(Dataset records)

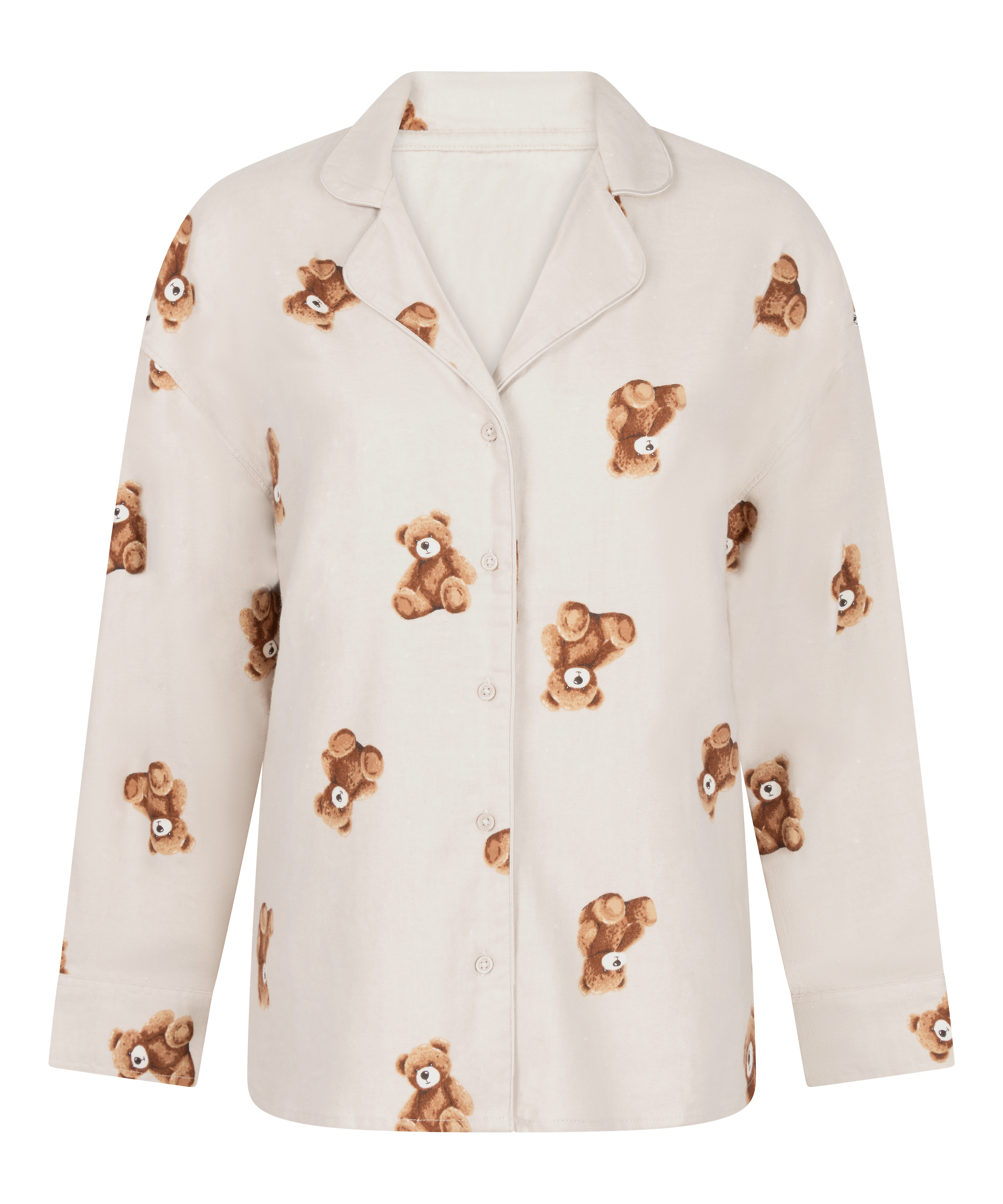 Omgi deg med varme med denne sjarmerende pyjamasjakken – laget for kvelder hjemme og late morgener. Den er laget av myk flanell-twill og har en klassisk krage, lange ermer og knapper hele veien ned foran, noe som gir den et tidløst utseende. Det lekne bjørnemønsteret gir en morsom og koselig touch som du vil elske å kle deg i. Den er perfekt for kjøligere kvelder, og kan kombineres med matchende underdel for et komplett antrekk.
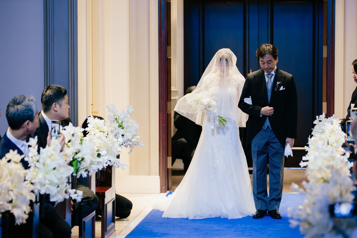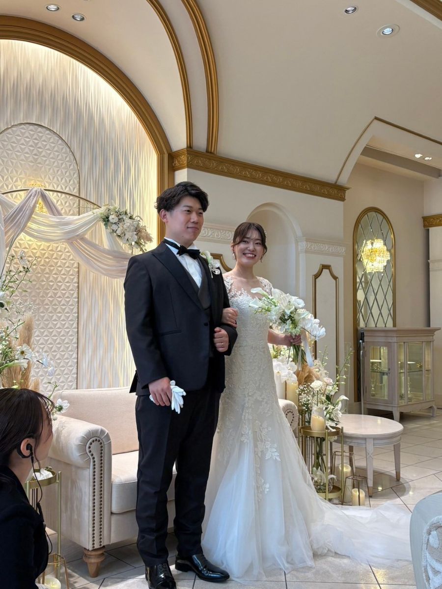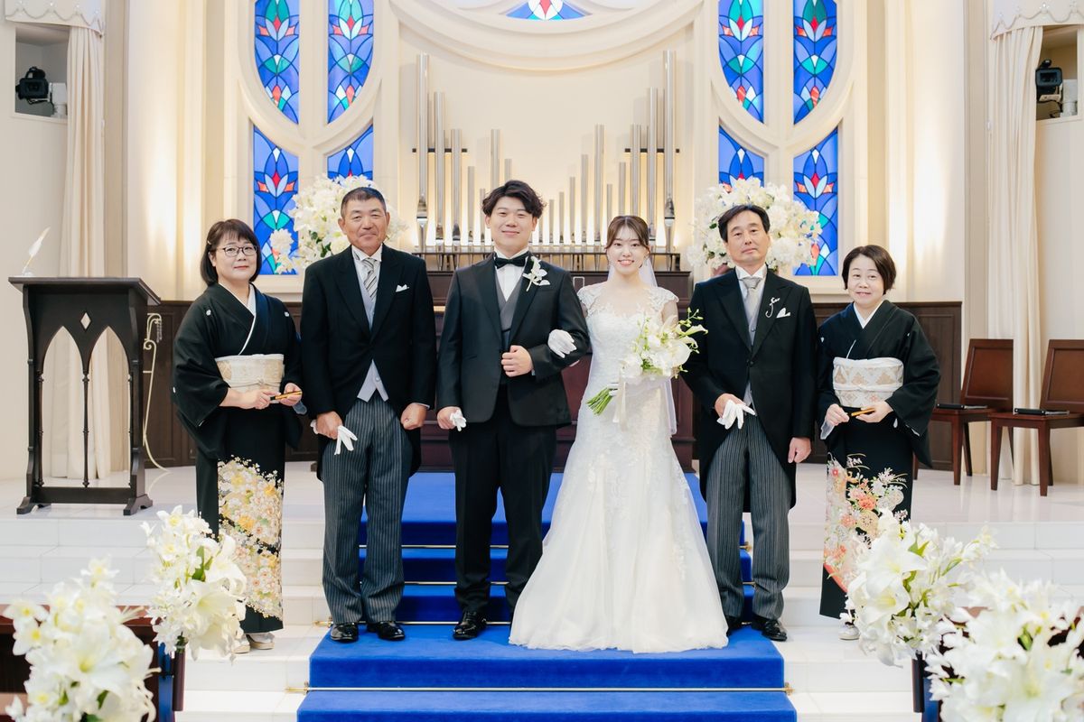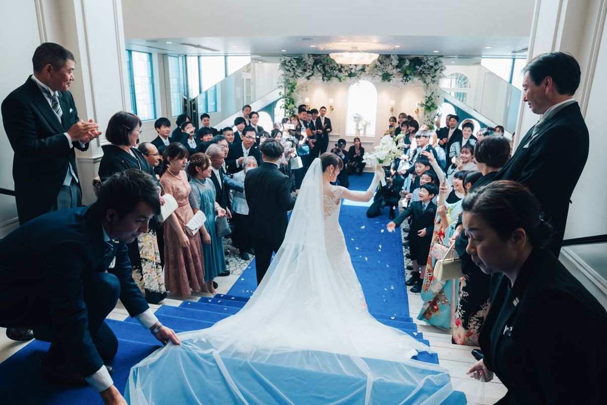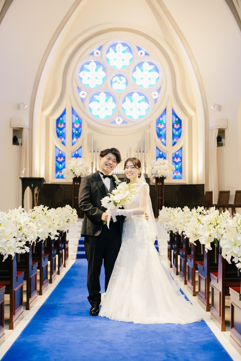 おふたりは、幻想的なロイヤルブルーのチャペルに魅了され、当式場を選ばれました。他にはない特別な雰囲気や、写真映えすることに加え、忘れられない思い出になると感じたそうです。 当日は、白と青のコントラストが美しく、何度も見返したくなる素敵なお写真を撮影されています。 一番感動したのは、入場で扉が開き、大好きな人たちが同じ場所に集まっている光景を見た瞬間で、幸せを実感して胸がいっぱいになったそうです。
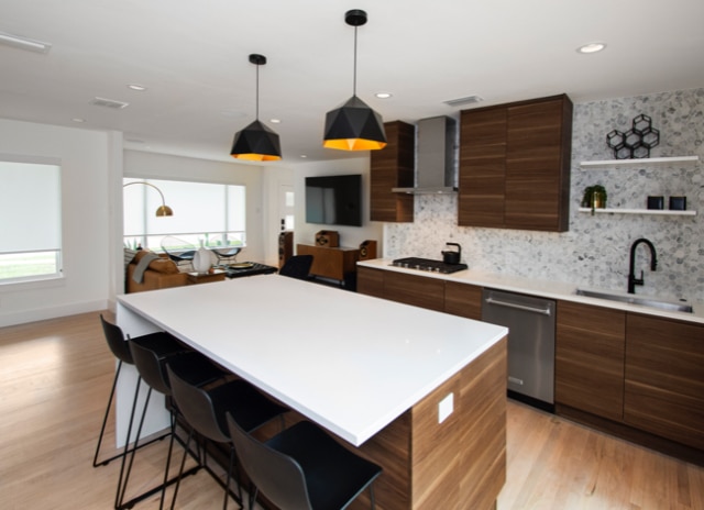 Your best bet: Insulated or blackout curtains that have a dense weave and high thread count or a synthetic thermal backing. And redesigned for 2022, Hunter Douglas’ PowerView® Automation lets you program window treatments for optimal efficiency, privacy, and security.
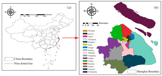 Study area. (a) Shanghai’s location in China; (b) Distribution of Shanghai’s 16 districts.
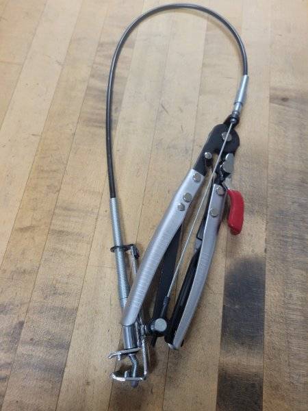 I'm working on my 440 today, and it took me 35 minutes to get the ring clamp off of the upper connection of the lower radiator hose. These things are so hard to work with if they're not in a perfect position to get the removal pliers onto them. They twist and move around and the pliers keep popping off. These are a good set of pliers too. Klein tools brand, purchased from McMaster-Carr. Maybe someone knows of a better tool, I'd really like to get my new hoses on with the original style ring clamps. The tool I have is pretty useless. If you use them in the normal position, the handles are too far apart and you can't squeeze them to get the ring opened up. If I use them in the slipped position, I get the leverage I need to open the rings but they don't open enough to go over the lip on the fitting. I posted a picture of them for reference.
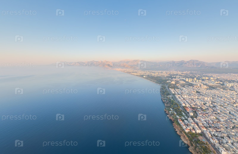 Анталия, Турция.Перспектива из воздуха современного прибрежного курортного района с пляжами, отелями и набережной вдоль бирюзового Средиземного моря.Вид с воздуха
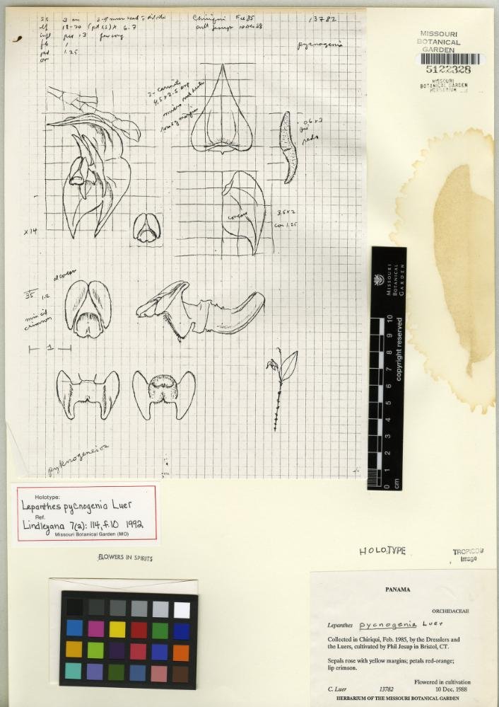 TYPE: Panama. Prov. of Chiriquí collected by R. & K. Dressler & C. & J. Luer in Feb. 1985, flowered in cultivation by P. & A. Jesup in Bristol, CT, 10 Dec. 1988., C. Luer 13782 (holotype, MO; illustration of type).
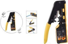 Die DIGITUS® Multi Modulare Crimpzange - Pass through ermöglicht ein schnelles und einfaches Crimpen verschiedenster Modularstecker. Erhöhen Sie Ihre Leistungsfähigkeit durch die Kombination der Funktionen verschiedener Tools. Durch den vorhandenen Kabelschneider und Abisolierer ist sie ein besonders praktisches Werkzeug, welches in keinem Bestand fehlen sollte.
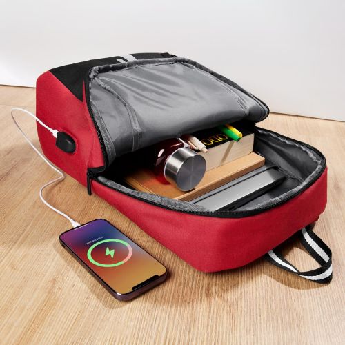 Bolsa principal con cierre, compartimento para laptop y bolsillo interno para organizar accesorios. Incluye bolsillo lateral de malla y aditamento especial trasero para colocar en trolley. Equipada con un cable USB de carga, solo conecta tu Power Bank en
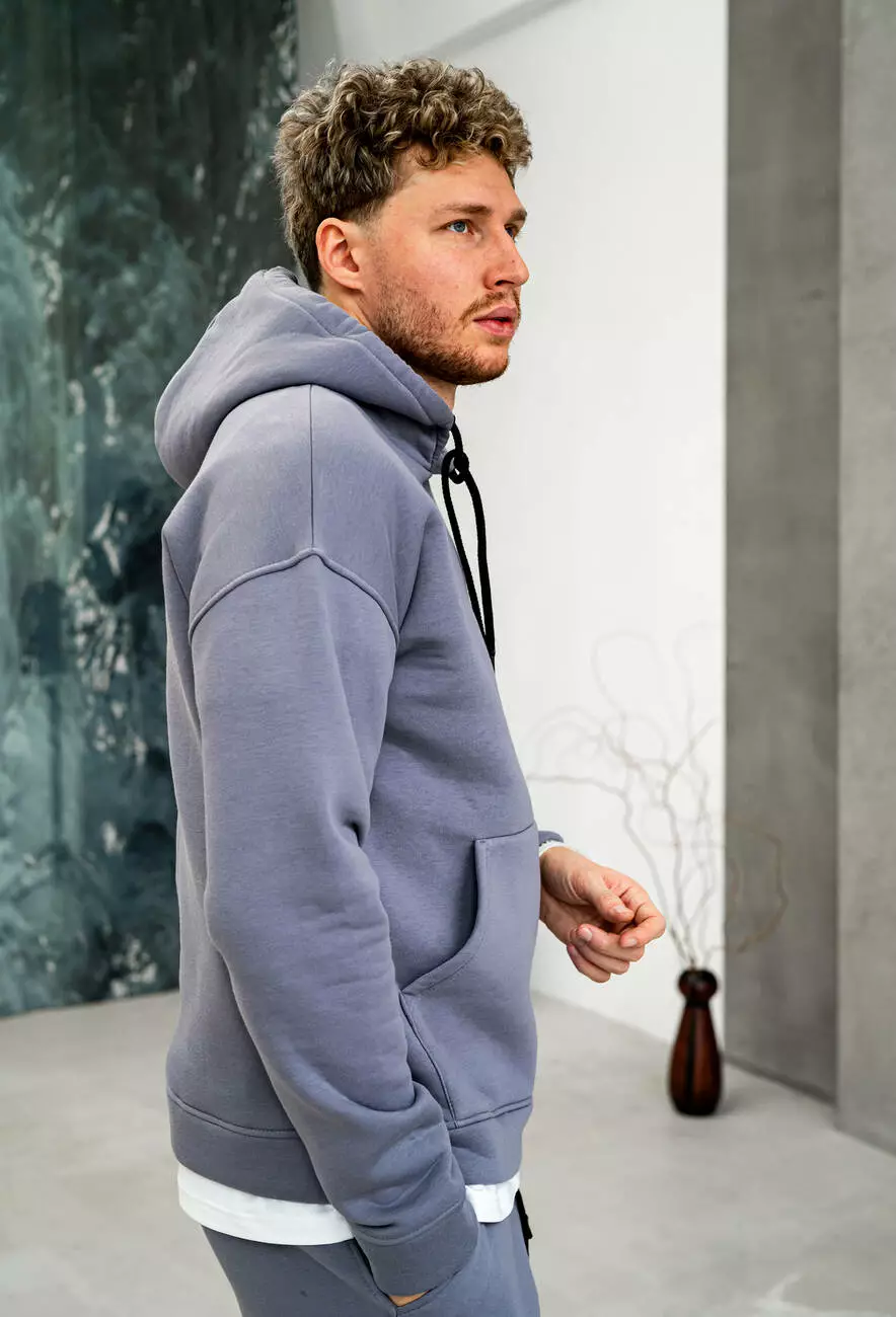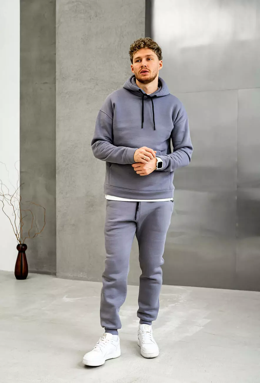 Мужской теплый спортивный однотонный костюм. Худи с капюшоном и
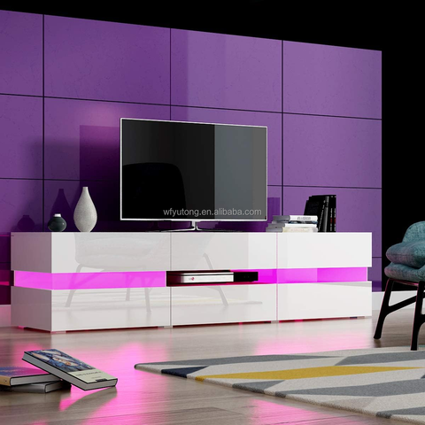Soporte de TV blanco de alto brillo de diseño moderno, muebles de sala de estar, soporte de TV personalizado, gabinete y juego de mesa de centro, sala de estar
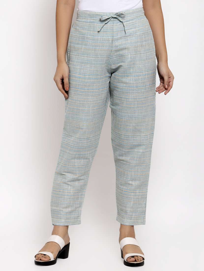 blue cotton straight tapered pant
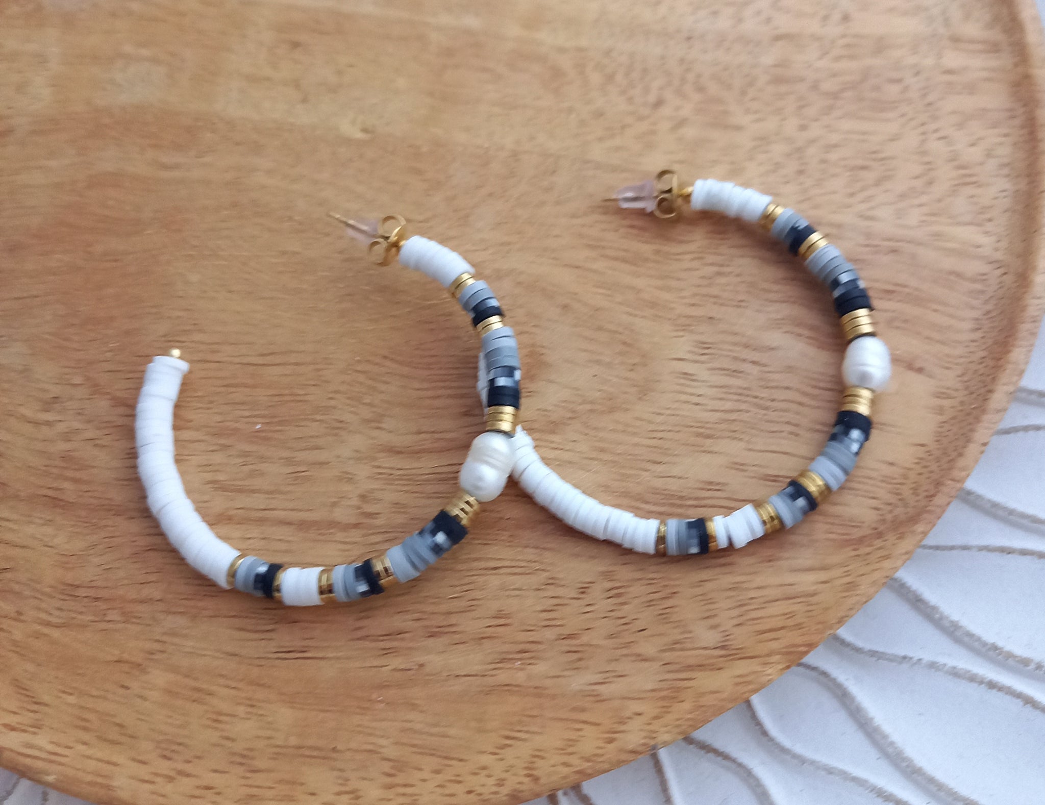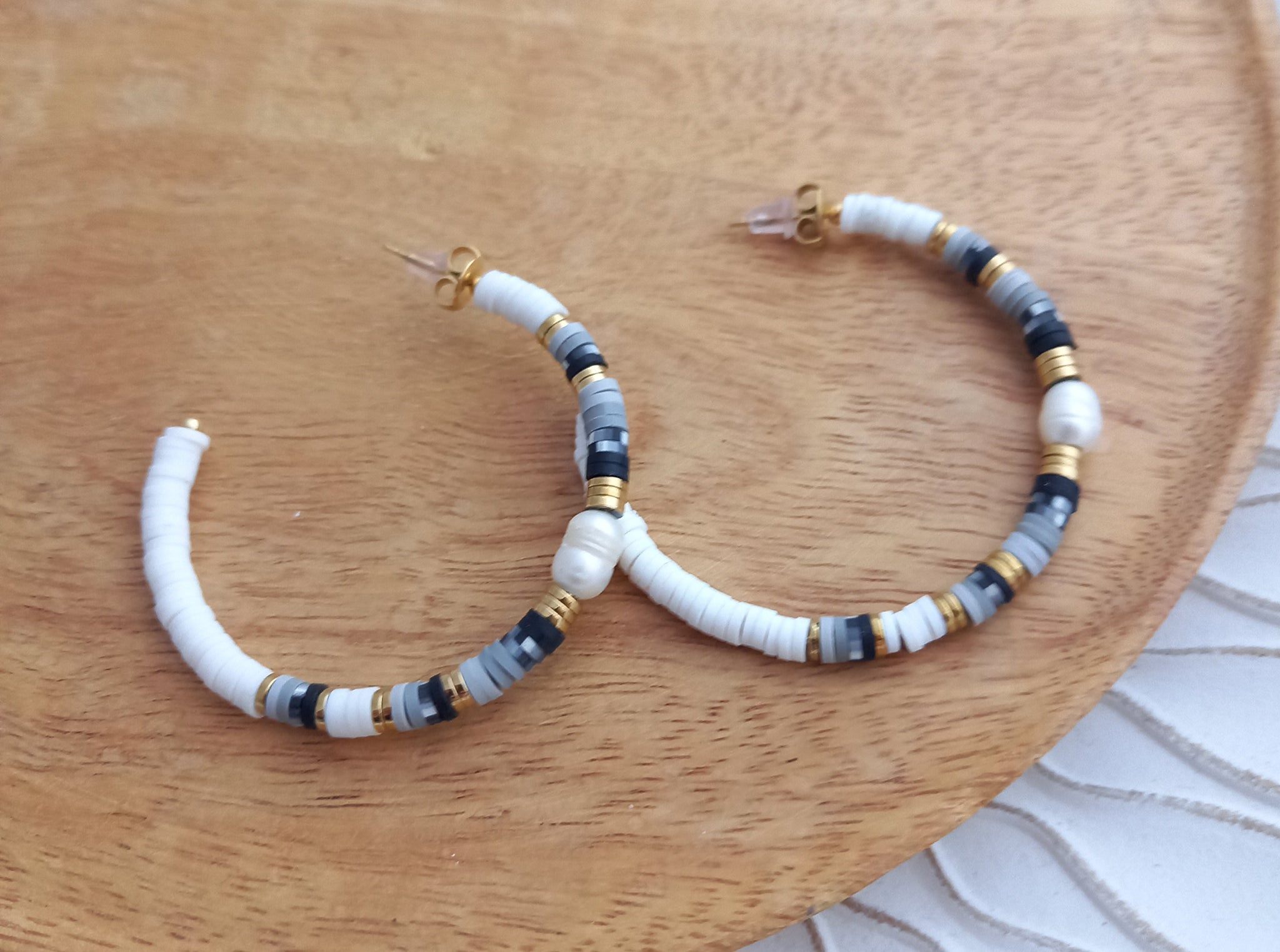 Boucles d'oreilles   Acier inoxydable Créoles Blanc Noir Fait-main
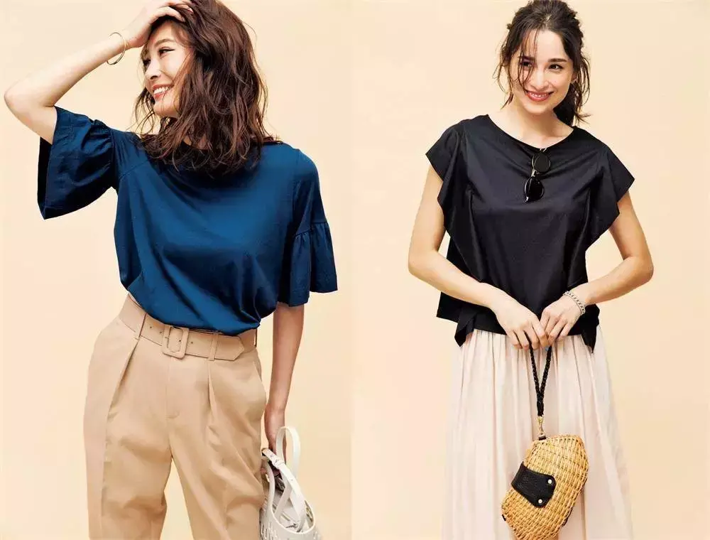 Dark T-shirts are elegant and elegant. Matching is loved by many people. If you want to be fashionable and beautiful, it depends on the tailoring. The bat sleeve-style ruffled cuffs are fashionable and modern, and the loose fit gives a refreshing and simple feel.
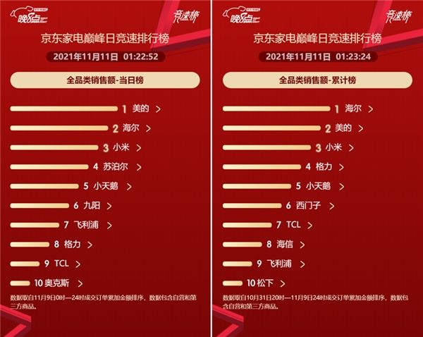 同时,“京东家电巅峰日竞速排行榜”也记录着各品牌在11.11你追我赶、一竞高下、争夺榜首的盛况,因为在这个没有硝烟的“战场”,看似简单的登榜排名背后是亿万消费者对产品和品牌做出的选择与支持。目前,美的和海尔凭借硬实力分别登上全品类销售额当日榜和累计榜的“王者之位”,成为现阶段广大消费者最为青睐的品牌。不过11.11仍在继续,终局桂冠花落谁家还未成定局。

WORK INSTRUCTIONS =
Please retype every entry above exactly, leaving out any picture.

TASK OUTPUT =
 Omgi deg med varme med denne sjarmerende pyjamasjakken – laget for kvelder hjemme og late morgener. Den er laget av myk flanell-twill og har en klassisk krage, lange ermer og knapper hele veien ned foran, noe som gir den et tidløst utseende. Det lekne bjørnemønsteret gir en morsom og koselig touch som du vil elske å kle deg i. Den er perfekt for kjøligere kvelder, og kan kombineres med matchende underdel for et komplett antrekk.
 おふたりは、幻想的なロイヤルブルーのチャペルに魅了され、当式場を選ばれました。他にはない特別な雰囲気や、写真映えすることに加え、忘れられない思い出になると感じたそうです。 当日は、白と青のコントラストが美しく、何度も見返したくなる素敵なお写真を撮影されています。 一番感動したのは、入場で扉が開き、大好きな人たちが同じ場所に集まっている光景を見た瞬間で、幸せを実感して胸がいっぱいになったそうです。
 Your best bet: Insulated or blackout curtains that have a dense weave and high thread count or a synthetic thermal backing. And redesigned for 2022, Hunter Douglas’ PowerView® Automation lets you program window treatments for optimal efficiency, privacy, and security.
 Study area. (a) Shanghai’s location in China; (b) Distribution of Shanghai’s 16 districts.
 I'm working on my 440 today, and it took me 35 minutes to get the ring clamp off of the upper connection of the lower radiator hose. These things are so hard to work with if they're not in a perfect position to get the removal pliers onto them. They twist and move around and the pliers keep popping off. These are a good set of pliers too. Klein tools brand, purchased from McMaster-Carr. Maybe someone knows of a better tool, I'd really like to get my new hoses on with the original style ring clamps. The tool I have is pretty useless. If you use them in the normal position, the handles are too far apart and you can't squeeze them to get the ring opened up. If I use them in the slipped position, I get the leverage I need to open the rings but they don't open enough to go over the lip on the fitting. I posted a picture of them for reference.
 Анталия, Турция.Перспектива из воздуха современного прибрежного курортного района с пляжами, отелями и набережной вдоль бирюзового Средиземного моря.Вид с воздуха
 TYPE: Panama. Prov. of Chiriquí collected by R. & K. Dressler & C. & J. Luer in Feb. 1985, flowered in cultivation by P. & A. Jesup in Bristol, CT, 10 Dec. 1988., C. Luer 13782 (holotype, MO; illustration of type).
 Die DIGITUS® Multi Modulare Crimpzange - Pass through ermöglicht ein schnelles und einfaches Crimpen verschiedenster Modularstecker. Erhöhen Sie Ihre Leistungsfähigkeit durch die Kombination der Funktionen verschiedener Tools. Durch den vorhandenen Kabelschneider und Abisolierer ist sie ein besonders praktisches Werkzeug, welches in keinem Bestand fehlen sollte.
 Bolsa principal con cierre, compartimento para laptop y bolsillo interno para organizar accesorios. Incluye bolsillo lateral de malla y aditamento especial trasero para colocar en trolley. Equipada con un cable USB de carga, solo conecta tu Power Bank en
 Мужской теплый спортивный однотонный костюм. Худи с капюшоном и
Soporte de TV blanco de alto brillo de diseño moderno, muebles de sala de estar, soporte de TV personalizado, gabinete y juego de mesa de centro, sala de estar
 blue cotton straight tapered pant
 Boucles d'oreilles   Acier inoxydable Créoles Blanc Noir Fait-main
 Dark T-shirts are elegant and elegant. Matching is loved by many people. If you want to be fashionable and beautiful, it depends on the tailoring. The bat sleeve-style ruffled cuffs are fashionable and modern, and the loose fit gives a refreshing and simple feel.
 同时,“京东家电巅峰日竞速排行榜”也记录着各品牌在11.11你追我赶、一竞高下、争夺榜首的盛况,因为在这个没有硝烟的“战场”,看似简单的登榜排名背后是亿万消费者对产品和品牌做出的选择与支持。目前,美的和海尔凭借硬实力分别登上全品类销售额当日榜和累计榜的“王者之位”,成为现阶段广大消费者最为青睐的品牌。不过11.11仍在继续,终局桂冠花落谁家还未成定局。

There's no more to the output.